Xanthia emitió una sonora carcajada y apoyó la cabeza contra el hombro de
su marido. La verdad es que no le importaba cómo decoraran el cuarto de los
niños. Sólo le importaba el niño que pronto lo ocuparía, y el hombre que había
hecho que todo fuera posible, el hombre que no le reprochaba que ella
deseara lo mejor de ambos mundos y estaba decidido a dárselo. Cuando ella
le rodeó la cintura con los brazos, y sintió el cálido tejido de lana de su
chaqueta contra su mejilla, su corazón rebosaba de tal felicidad que casi le
cortó el aliento.

—Te amo, Stefan —dijo en voz baja—. ¿Lo sabes, cariño? ¿Tienes idea de lo
profundo que es mi amor por ti?

Él la besó en la coronilla.

—Tan profundo como los Siete Mares, creo —murmuró—. Tan profundo como
mi amor por ti, e igual de infinito. Tú eres mi puerto seguro, Zee. Y me alegro
de haberte encontrado al fin.

La abrazó en silencio durante un rato, junto a la ventana, mientras las nubes


sobre el Támesis surcaban el cielo y el sol invernal penetraba a través de las
antiguas vidrieras de colores. Y entre esa paz y alegría que les rodeaba, no
eran conscientes de nada más, ni de las dos personas que discutían en la
habitación contigua, ni de la puerta principal que no dejaba de cerrarse de un
portazo, ni siquiera del febril comercio que se llevaba a cabo en el puerto.

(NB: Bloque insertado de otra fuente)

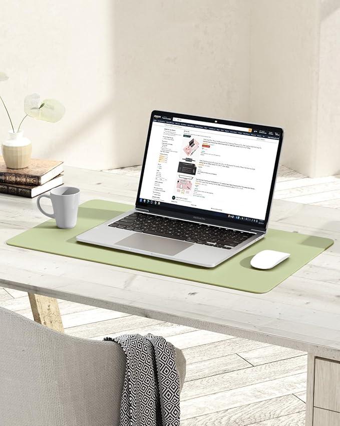 YSAGi Non-Slip Leather Desk Pad, Waterproof Laptop Computer Desk Keyboard Mat, Table Protector Blotter Mat, Large Mouse Pad for Office/Work/Home/Decor(Matcha Green, 23.6" x 13.7")
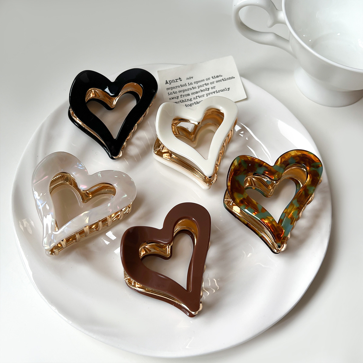 韩版高级感金属鲨鱼夹简约爱心醋酸百搭外出后脑勺盘发抓夹
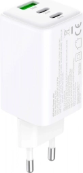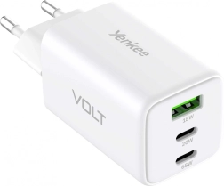 Chargeur VOLT compact et performant doté de la technologie GaN, offrant une puissance totale jusqu’à 65 W et trois sorties (2× USB‑C + 1× USB‑A) pour recharger plusieurs appareils simultanément. Il prend en charge les normes Power Delivery 3.0 et Quick Charge 4.0, pour une charge rapide et sûre des ordinateurs portables, tablettes et smartphones – un chargeur universel pour tous vos appareils.
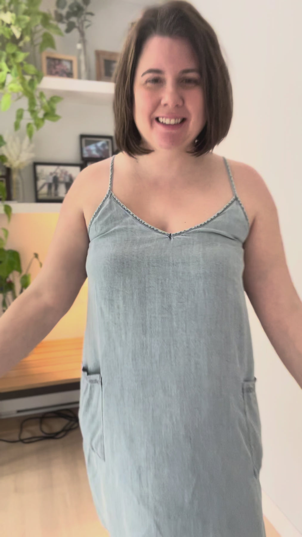 Additional: Mini Dress, Adjustable Spaghetti Straps, Denim Look Wash, Front Patch Pockets
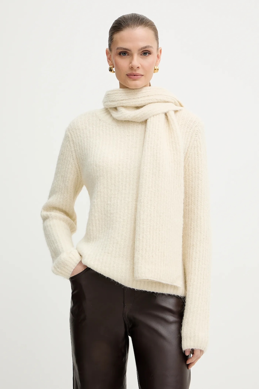 Morgan sweter z dodatkiem wełny damski kolor beżowy ciepły MACHA

Él la besó de nuevo y murmuró:

—Mira, amor mío. —Xanthia se volvió en sus brazos hacia la ventana—. ¿No
es ése el Mae Rose que acaba de rebasar Wapping Old Stairs?

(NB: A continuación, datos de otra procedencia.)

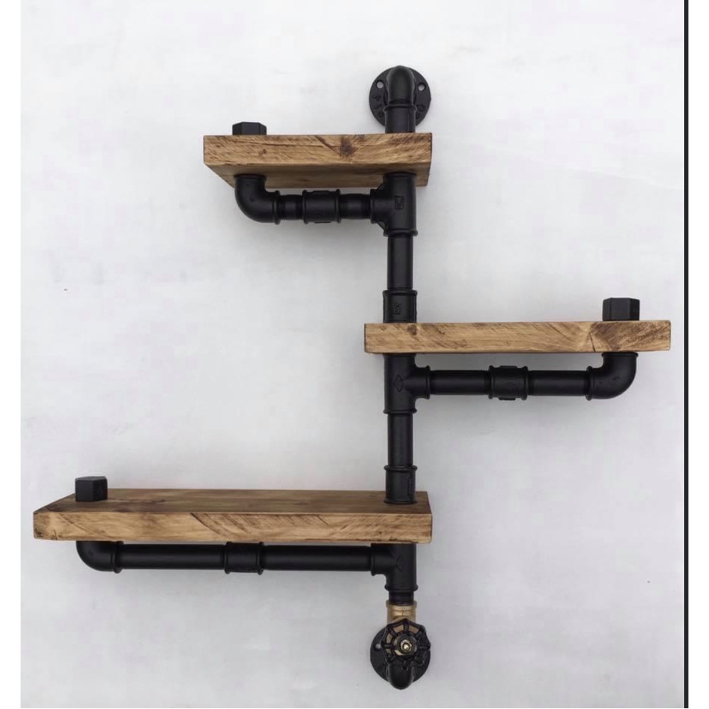 Stoer, industrieel wandrek met stalen buizen en fittingen van

En el rostro de Xanthia se dibujó una alegre sonrisa.

—¡Gracias a Dios! —exclamó, llevándose una mano al pecho—. ¡Por fin ha


llegado! Con seis semanas de retraso, pero sano y salvo.

—¿Quién está al timón?

—El capitán Stretton —respondió ella.

Nash le apretó el hombro en un gesto reconfortante.

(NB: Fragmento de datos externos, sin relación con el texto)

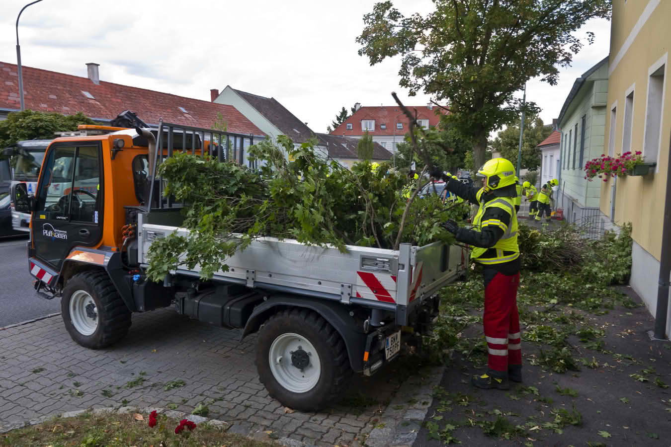 Nach deren Abtransport mit dem Rettungstransportwagen und Abflug des Notarzthubschraubers begannen die Aufräumarbeiten durch die Feuerwehreinsatzkräfte der FF Pfaffstätten. Betriebsmittel mussten gebunden, der Unfallwagen geborgen und am Fahrbahnrand abgestellt werden, der mitgerissene Baum zerschnitten und mit Unterstützung der Gemeinde gleich abtransportiert.

—Entonces bajemos a saludarlo, Zee —dijo—. Bajemos juntos a dar la


bienvenida al Mae Rose , que ha llegado a puerto sano y salvo.

Xanthia alzó la vista para mirar al hombre que amaba y le tomó la mano.
Bajaron juntos la estrecha escalera y salieron al soleado exterior. Hacía una
tarde ideal. Juntos se encaminaron hacia su futuro.